## What to do
Below are the records. Retype, exactly, the lines from the first through the line with "HomeMate Smart Touch", and leave out the pictures.

------------

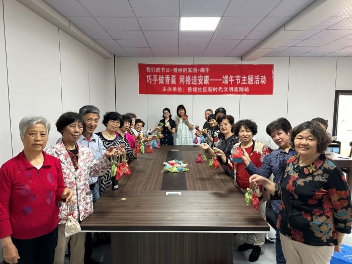 岳堤社区开展“巧手做香囊 网格送安康”端午节主题活动
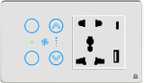 HomeMate Smart Touch Switch Panel | 2 Switch, 1 Fan & 1 Socket with Quick Charge USB's (White)
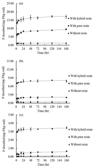 To be specific, the topsoil S_18 released 1.32 mg P/g soil without sink after seven days, which was 0.34% of its total P (Figure 5a and Table 1). In the presence of the pure anion exchange resin, the extent of P desorption increased to 9.50 mg P/g (~2.43% of TP). In the case of the hybrid resin, it was even greater. Approximately 17 mg/kg (~4.35% of TP) was desorbed after seven days. The same trend was also observed in the other two subsoils. The soil S_90 released only 0.53 mg/kg (~0.13% of TP) without any sink, but the total desorbed P increased to 7.90 mg P/g (~1.88% of TP) with the hybrid resin as a sink. The pure resin was not as effective as the hybrid resin. In the case of soil S_180, which contains the lowest TP, the efficiency in removing desorbed P was best in the hybrid resin. Only the hybrid resin was able to desorb appreciable amounts of P (~3.45 mg P/g), but no more than 0.67 mg P/g (~0.3% of TP) was desorbed with the pure resin or without any sink.
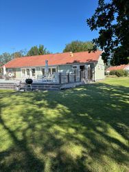 På baksidan finns ett stort trädäck (cirka 100 kvm) med solsängar, matbord, soffor, pingisbord, litet kylskåp och en pool 6,5 • 3,5 m. Poolen är uppvärmd maj-sep. I trädgården finns ett fotbollsmål och gott om plats för lek! På altanen är det sol från tidig morgon till sen kväll. En stor ek ger behaglig skugga på gräsmattan. Utsikten på baksidan är en öppen hage, där det ibland går kossor och betar. Kolgrill och muurikka med gasolbrännare finns.
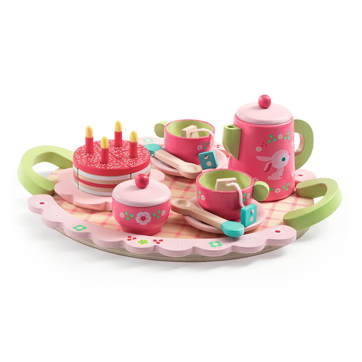 Lili Rose's Tea And Cake Set by Djeco. An adorable wooden playset for celebrating birthdays and having tea with friends. Presented on a wooden tray with two handles for carrying. An imitation game for children to have fun like grown-ups!

------------

## Solution to the exercise
 岳堤社区开展“巧手做香囊 网格送安康”端午节主题活动
 HomeMate Smart Touch Switch Panel | 2 Switch, 1 Fan & 1 Socket with Quick Charge USB's (White)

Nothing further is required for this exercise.